Speed versus depth of insight is a fundamental trade-off marketing strategists often face when working with analyst teammates. Both sides contribute to this reality. Strategists often ask nuanced or difficult questions (what is the ROI of a sports sponsorship?), and analysts or data scientists, reacting to a wide variety of these questions, tend to approach each new project from scratch.
This conundrum can be solved when convening agency and client strategists and data scientists. We believe the conversation should cover:
- What prior analytical work was most helpful to strategists?
- What new features would strategists like to see from analytical output, and what compromises are acceptable?
- Which data sources are reliable and are refreshed often?
Data scientists, now understanding the value of their past work, as well as having clear direction and an approved list of data sources, can then work on automated systems.
An example of what such a system could do is calculate and compare marketing ROI across detailed paid channels while accounting for the diminishing returns effects of increased marketing investment. These are sophisticated, non-linear models – the kinds marketing strategists associate with weeks or months of turnaround for each request. To be fair, it can take a few months to get this system up-and-running. But once that upfront work is completed, the outputs are automated and the insights valuable and frequent. A few thousand lines of code will import raw data, transform it as needed, test different models, pick the best one, and push the results to the strategist team.

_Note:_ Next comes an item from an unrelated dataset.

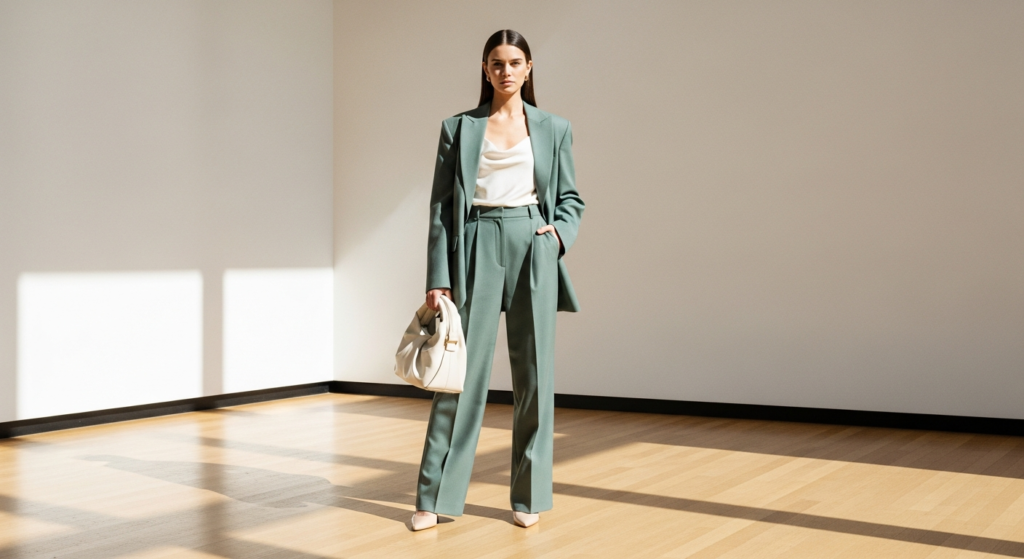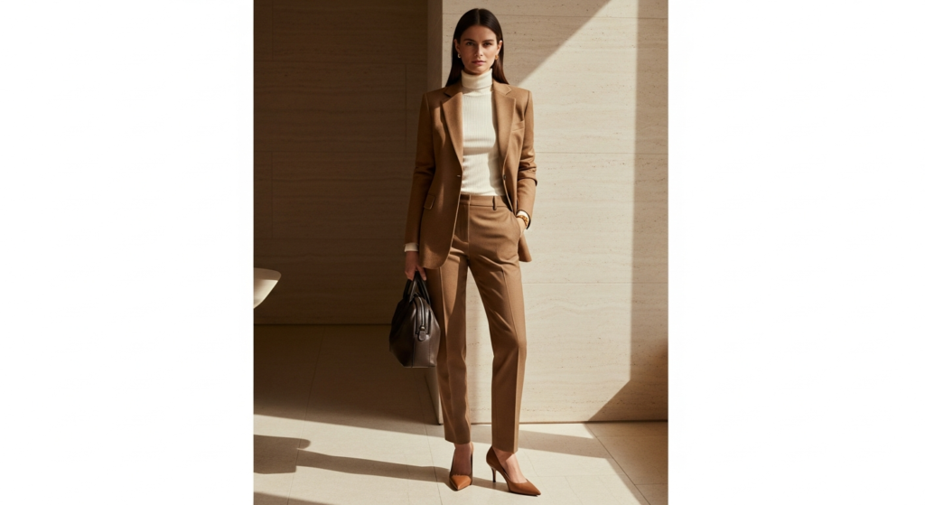 • A blazer in the same palette, worn open, adds structure and authority without breaking the tonal flow.

Strategists can dig into the data and review fresh modeling outputs to inform thinking and next steps. Here are some use cases:
- The client wants to increase this week’s non-branded search budget by $10,000 to meet a business goal? OK! According to the outputs of the program, the first $2,000 should be in Exact Match and focus mostly on mobile in region A, the next $1,000 should be desktop Broad Match in region B, etc.
- How is our new display vendor doing? Easy! We are seeing great returns on low levels of investment but it really flattens out after that. There seem to be reach limitations and we should modify our spending accordingly.

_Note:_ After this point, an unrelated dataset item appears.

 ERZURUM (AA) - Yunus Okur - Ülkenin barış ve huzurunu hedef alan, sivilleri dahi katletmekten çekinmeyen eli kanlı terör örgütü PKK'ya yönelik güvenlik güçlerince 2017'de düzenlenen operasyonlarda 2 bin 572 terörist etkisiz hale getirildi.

An automated system like this allows strategists to deploy budgets fluidly and optimize across search engine or publisher, device type, region, and other dimensions. In contrast, most strategists still must pre-ordain budgets for each channel and try to optimize within them based on experience and simple reports. If they are lucky, they have access to marketing mix model results that optimize budgets by channel at a high level, and maybe only annually. Fast analysis is not limited to reporting, and sophisticated analysis does not have to be slow. But analysis, insights and reporting can make the difference – and should be a fundamental part of any marketing strategy and partnership.